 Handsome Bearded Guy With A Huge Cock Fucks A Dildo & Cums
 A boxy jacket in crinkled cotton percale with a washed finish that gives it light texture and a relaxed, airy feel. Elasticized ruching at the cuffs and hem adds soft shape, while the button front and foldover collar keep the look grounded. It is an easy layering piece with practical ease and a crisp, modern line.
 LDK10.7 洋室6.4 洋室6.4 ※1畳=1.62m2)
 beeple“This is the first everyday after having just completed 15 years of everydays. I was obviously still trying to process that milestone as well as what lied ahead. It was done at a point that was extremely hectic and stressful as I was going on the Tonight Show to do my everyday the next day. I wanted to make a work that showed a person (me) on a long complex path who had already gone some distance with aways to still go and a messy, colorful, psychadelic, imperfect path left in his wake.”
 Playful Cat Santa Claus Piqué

...

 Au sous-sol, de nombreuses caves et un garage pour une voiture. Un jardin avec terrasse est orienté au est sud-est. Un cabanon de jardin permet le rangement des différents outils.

PROBLEM TO SOLVE ▸ From the records above, print only the lines between the one holding "Handsome Bearded Guy" and the one holding "Playful Cat Santa Claus Piqué", inclusive, exactly as they stand.

EXPECTED ANSWER ▸
 Handsome Bearded Guy With A Huge Cock Fucks A Dildo & Cums
 A boxy jacket in crinkled cotton percale with a washed finish that gives it light texture and a relaxed, airy feel. Elasticized ruching at the cuffs and hem adds soft shape, while the button front and foldover collar keep the look grounded. It is an easy layering piece with practical ease and a crisp, modern line.
 LDK10.7 洋室6.4 洋室6.4 ※1畳=1.62m2)
 beeple“This is the first everyday after having just completed 15 years of everydays. I was obviously still trying to process that milestone as well as what lied ahead. It was done at a point that was extremely hectic and stressful as I was going on the Tonight Show to do my everyday the next day. I wanted to make a work that showed a person (me) on a long complex path who had already gone some distance with aways to still go and a messy, colorful, psychadelic, imperfect path left in his wake.”
 Playful Cat Santa Claus Piqué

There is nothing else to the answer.